Rational Design of Ti 3 C 2 T x MXene Inks for Conductive, Transparent Films.

Transparent conductive electrodes (TCEs) with a high figure of merit (FOM e , defined as the ratio of transmittance to sheet resistance) are crucial for transparent electronic devices, such as touch screens, micro-supercapacitors, and transparent antennas. Two-dimensional (2D) titanium carbide (Ti 3 C 2 T x ), known as MXene, possesses metallic conductivity and a hydrophilic surface, suggesting dispersion stability of MXenes in aqueous media allowing the fabrication of MXene-based TCEs by solution processing.
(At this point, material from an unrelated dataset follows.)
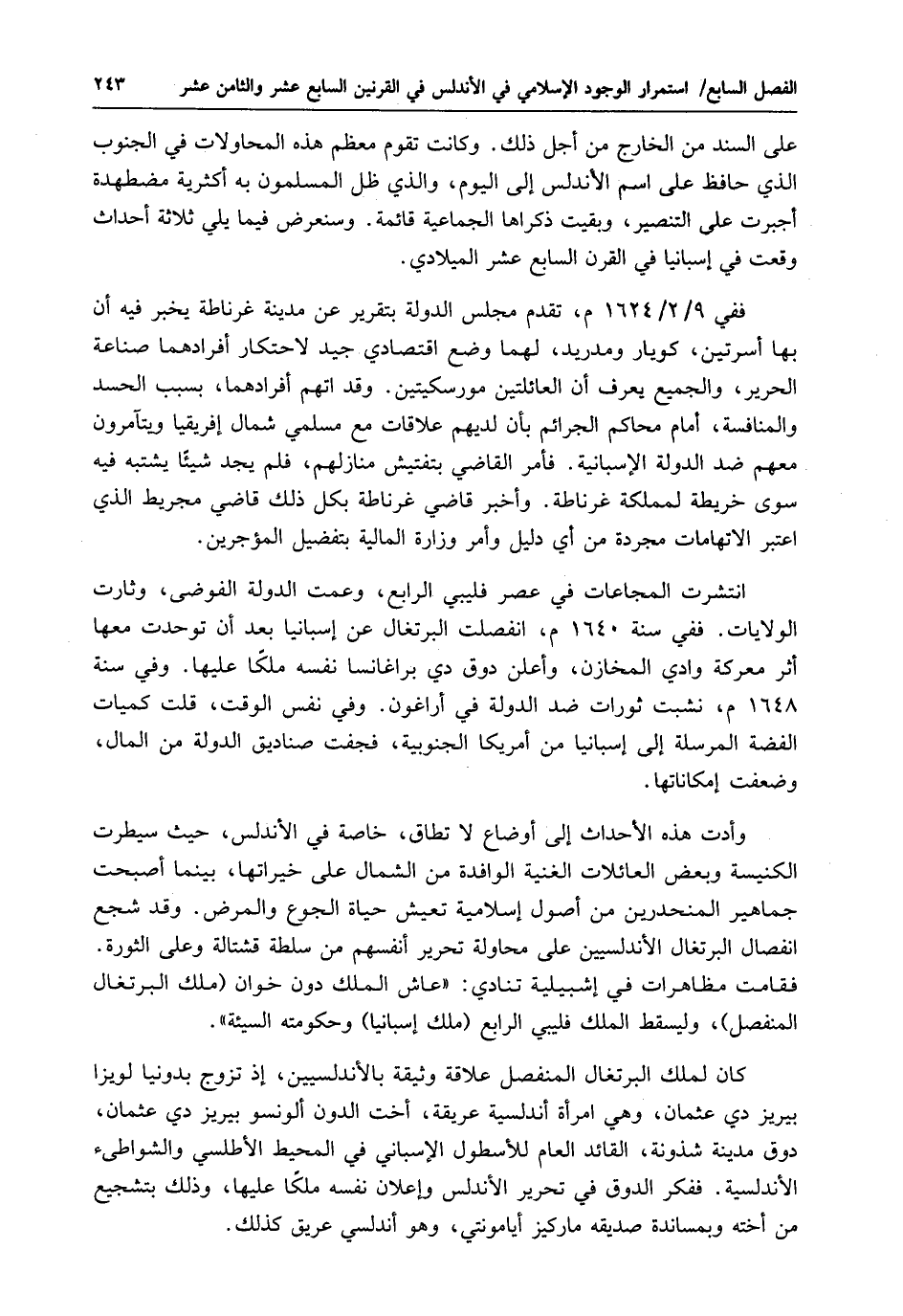 على السند من الخارج من أجل ذلك. وكانت تقوم معظم هذه المحاولات في الجنوب الذي حافظ على اسم الأندلس إلى اليوم، والذي ظل المسلمون به أكثرية مضطهدة أجبرت على التنصير، وبقيت ذكراها الجماعية قائمة. وسنعرض فيما يلي ثلاثة أحداث وقعت في إسبانيا في القرن السابع عشر الميلادي.

However, achieving high FOM e MXene TCEs has been hindered mainly due to the low intrinsic conductivity caused by percolation problems. Here, we have managed to resolve these problems by (1) using large-sized Ti 3 C 2 T x flakes (∼12.2 μm) to reduce interflake resistance and (2) constructing compact microstructures by blade coating. Consequently, excellent optoelectronic properties have been achieved in the blade-coated Ti 3 C 2 T x films, i . e ., a DC conductivity of 19 325 S cm -1 at transmittances of 83.4% (≈6.7 nm) was obtained. We also demonstrate the applications of Ti 3 C 2 T x TCEs in transparent Joule heaters and the field of supercapacitors, showing an outstanding Joule heating effect and high rate response, respectively, suggesting enormous potential applications in flexible, transparent electronic devices.